You like the same kind of beer flavors that I do. Fortunately, I can get my hands on some of these high-dollar "boutique" grains at true wholesale. I think the quinoa recipe has a lot going for it, and even though it is a tremendous amount of work to do it from scratch, I would like to try bag brewing it while making the necessary adjustments for 60% efficiency. 

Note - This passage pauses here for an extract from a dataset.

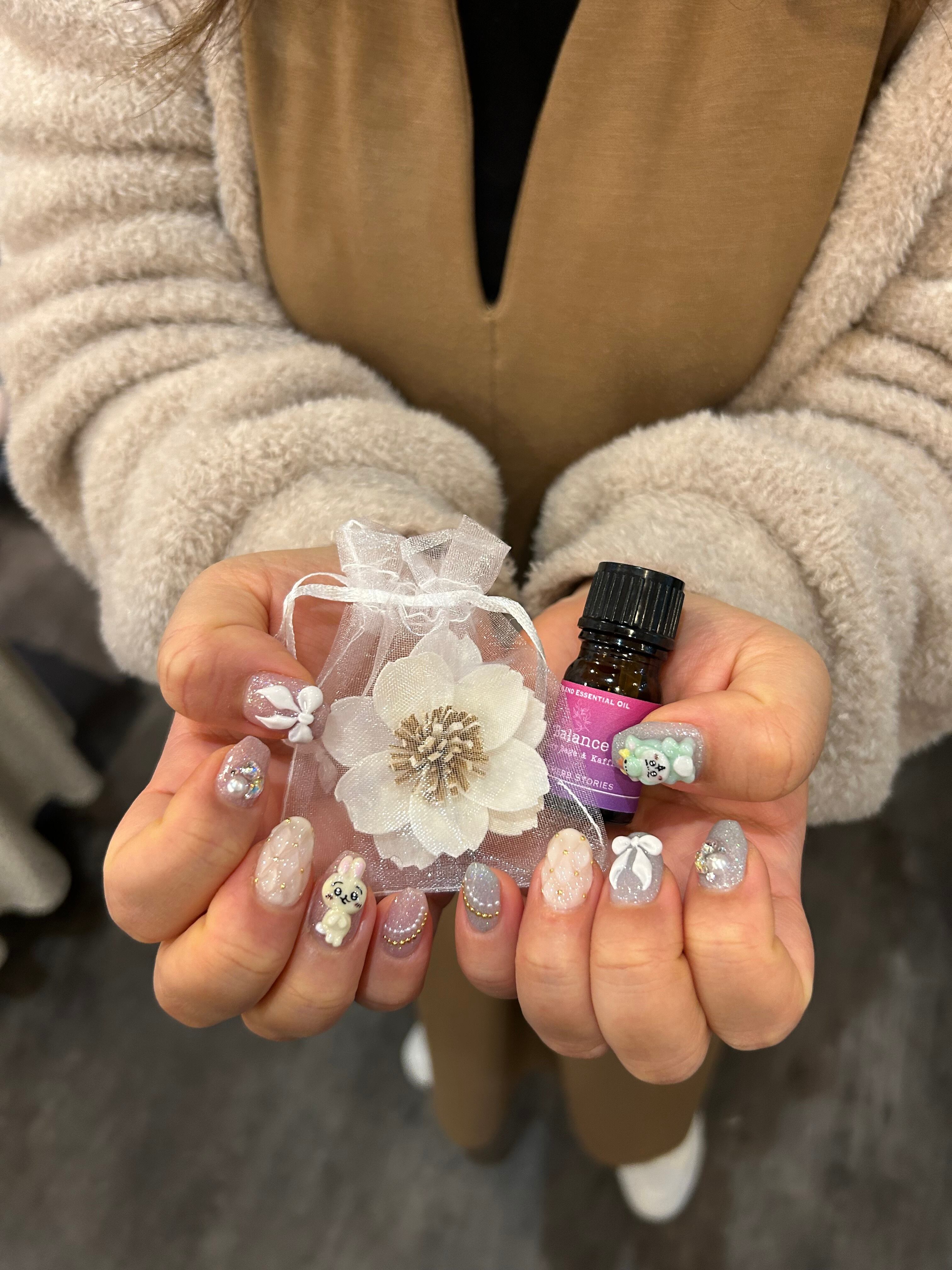 天然アロマと、天然のソラの木の皮でできたソラフラワーのサシェのセットでお届けします

I also am looking at roasted and/or malted buckwheat to impart some of these flavors at a later stage in my G-F brewing development, should it continue. I'll start with the kit, maybe add some ReaLemon or ReaLime to it based on a bench test on transfer to secondary. Thanks for the idea!


----------



## BernardSmith

But you can sprout and or/ oven roast your own grains. If you sprout the grains I think you want to allow them to sprout until the roots are the same length as the grain itself (perhaps 4 or 5 days max). You germinate the grains in the same way that you would make sprouts (soak for 12 hours, drain, re-soak for a minute, drain, repeat until the seeds/grains have sprouted (I generally sprout vertically in mason jars with bean sprouting lids but I guess maltsers sprout horizontally on trays) 
You then dry the sprouts at about 100 F for 24 hours and that makes the removal of the roots relatively easy (rubbing in a bag) and then you can kiln the grains at about 150 - 200 F (or grind and bake them in a "bread")


----------



## jswordy

BernardSmith said:


> But you can sprout and or/ oven roast your own grains. If you sprout the grains I think you want to allow them to sprout until the roots are the same length as the grain itself (perhaps 4 or 5 days max). You germinate the grains in the same way that you would make sprouts (soak for 12 hours, drain, re-soak for a minute, drain, repeat until the seeds/grains have sprouted (I generally sprout vertically in mason jars with bean sprouting lids but I guess maltsers sprout horizontally on trays)
> You then dry the sprouts at about 100 F for 24 hours and that makes the removal of the roots relatively easy (rubbing in a bag) and then you can kiln the grains at about 150 - 200 F (or grind and bake them in a "bread")



Thanks. I saw most of that elsewhere, too, except rubbing off the roots. What I have read so far is they seem to just sprout and dry them. Quinoa will sprout underwater, they say, and supposedly it sprouts shoots before roots; some guys just fill a 5-gallon bucket and leave it in the tub, use the shower on cold to wash every 8 hours. I really want to try the quinoa beer, but 5 gallons takes about 6 pounds of grain. That is quite a bit of work to process.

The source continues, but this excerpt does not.